_WHAT YOU HAVE TO DO_
Examine the entries and show every line in which the word "Earrings" is found.

_DATA UNDER STUDY_
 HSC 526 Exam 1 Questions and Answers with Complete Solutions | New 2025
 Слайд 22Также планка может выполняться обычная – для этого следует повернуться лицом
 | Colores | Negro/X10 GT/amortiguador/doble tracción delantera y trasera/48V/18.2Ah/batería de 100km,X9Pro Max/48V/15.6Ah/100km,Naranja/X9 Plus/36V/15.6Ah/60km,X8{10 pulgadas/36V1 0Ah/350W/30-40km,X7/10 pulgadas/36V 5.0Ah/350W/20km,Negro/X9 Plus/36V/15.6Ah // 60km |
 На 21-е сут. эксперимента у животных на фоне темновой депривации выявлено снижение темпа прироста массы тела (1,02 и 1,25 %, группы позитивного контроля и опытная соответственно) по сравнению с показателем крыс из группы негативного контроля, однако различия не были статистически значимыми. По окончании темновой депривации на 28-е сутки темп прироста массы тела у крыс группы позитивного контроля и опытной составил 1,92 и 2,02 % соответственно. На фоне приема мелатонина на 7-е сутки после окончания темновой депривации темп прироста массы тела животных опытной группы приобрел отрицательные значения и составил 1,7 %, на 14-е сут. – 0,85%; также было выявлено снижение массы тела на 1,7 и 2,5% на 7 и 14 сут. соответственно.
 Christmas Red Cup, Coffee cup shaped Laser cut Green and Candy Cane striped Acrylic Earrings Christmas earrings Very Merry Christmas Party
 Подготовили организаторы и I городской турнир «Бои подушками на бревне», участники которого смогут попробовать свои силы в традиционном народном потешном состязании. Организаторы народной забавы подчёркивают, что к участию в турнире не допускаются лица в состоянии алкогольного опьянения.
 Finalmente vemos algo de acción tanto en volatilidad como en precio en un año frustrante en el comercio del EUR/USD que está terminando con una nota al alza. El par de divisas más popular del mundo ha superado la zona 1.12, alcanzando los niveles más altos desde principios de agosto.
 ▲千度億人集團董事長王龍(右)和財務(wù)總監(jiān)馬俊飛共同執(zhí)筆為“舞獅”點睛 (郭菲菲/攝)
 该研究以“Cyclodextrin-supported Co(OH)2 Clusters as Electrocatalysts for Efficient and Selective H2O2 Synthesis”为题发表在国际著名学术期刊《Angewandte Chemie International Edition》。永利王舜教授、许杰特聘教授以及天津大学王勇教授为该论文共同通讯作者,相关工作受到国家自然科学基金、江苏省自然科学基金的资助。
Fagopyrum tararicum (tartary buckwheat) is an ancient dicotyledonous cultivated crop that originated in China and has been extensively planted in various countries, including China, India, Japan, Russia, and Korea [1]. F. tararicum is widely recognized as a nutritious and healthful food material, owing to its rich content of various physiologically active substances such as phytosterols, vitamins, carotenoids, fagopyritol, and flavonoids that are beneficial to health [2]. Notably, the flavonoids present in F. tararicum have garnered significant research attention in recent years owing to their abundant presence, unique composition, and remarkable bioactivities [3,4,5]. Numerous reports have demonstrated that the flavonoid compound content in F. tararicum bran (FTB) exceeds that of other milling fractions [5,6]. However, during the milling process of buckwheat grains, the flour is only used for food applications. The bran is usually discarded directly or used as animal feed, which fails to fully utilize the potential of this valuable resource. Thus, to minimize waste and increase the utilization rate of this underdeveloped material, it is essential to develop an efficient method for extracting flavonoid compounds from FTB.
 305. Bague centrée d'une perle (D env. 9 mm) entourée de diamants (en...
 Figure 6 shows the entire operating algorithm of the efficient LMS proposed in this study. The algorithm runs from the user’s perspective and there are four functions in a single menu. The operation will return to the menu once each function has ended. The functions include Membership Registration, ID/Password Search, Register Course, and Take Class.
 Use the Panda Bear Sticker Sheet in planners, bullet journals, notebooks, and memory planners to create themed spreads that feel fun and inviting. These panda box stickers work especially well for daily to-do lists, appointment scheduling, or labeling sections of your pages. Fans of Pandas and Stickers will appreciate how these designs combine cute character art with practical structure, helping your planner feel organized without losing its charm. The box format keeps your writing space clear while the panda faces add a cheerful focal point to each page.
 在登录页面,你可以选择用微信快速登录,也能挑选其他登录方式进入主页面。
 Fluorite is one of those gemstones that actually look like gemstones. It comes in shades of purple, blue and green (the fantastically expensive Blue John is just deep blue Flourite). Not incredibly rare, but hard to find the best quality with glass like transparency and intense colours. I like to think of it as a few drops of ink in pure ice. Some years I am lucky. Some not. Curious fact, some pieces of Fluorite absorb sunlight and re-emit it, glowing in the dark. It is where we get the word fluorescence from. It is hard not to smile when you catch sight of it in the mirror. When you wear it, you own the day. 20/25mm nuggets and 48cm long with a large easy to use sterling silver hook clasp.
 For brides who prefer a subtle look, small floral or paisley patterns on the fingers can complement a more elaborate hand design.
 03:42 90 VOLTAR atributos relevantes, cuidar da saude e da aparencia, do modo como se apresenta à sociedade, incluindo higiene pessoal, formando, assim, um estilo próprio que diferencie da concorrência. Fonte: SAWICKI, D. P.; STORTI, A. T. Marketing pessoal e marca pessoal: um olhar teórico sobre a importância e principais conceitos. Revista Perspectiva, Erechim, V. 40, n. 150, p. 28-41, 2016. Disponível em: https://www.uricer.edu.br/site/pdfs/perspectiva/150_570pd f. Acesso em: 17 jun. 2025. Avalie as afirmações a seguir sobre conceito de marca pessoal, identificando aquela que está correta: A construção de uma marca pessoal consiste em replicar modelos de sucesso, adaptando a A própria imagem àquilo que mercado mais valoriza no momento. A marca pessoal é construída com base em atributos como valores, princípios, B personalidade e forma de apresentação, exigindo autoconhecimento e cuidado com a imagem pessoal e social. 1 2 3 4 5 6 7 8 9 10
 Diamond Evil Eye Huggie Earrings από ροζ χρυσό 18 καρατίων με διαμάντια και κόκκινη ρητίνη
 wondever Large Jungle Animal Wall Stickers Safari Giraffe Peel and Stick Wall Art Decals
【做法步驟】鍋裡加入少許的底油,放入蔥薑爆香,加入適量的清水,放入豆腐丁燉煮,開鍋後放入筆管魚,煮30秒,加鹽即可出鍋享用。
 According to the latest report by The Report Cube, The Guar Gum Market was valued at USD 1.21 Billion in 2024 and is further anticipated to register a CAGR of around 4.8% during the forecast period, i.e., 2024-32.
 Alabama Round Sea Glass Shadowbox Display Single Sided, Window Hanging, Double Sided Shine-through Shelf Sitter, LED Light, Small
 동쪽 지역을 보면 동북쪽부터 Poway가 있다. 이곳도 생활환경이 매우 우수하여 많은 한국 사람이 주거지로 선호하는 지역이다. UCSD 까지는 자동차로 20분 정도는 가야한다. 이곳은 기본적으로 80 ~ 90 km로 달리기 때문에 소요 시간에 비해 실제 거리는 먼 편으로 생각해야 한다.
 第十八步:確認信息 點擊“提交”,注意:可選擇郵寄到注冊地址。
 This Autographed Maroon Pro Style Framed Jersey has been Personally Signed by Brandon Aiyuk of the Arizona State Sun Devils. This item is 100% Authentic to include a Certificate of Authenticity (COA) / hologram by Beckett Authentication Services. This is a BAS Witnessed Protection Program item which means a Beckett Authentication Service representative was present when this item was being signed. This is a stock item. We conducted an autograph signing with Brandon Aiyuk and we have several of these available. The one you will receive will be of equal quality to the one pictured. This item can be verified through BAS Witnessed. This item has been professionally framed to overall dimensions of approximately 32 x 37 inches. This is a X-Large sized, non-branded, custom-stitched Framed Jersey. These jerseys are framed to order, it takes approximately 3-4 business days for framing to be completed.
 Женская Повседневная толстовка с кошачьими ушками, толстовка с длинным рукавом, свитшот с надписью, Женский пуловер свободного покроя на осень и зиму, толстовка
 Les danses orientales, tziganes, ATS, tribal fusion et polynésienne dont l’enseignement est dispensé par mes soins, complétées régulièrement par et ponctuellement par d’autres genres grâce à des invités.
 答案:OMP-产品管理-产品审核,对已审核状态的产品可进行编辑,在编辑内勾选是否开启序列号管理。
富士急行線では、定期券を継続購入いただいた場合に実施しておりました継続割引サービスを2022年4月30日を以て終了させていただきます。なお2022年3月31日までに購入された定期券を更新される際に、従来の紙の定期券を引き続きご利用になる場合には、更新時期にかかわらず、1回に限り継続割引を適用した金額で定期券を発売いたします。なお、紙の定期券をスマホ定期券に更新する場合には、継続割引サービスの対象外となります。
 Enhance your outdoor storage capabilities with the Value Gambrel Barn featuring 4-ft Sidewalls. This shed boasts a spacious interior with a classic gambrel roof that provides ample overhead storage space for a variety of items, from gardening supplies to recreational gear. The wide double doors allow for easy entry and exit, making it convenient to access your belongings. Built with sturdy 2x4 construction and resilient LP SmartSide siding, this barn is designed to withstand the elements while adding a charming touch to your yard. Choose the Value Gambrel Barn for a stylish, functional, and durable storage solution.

_YOUR SOLUTION_
 Christmas Red Cup, Coffee cup shaped Laser cut Green and Candy Cane striped Acrylic Earrings Christmas earrings Very Merry Christmas Party
 Diamond Evil Eye Huggie Earrings από ροζ χρυσό 18 καρατίων με διαμάντια και κόκκινη ρητίνη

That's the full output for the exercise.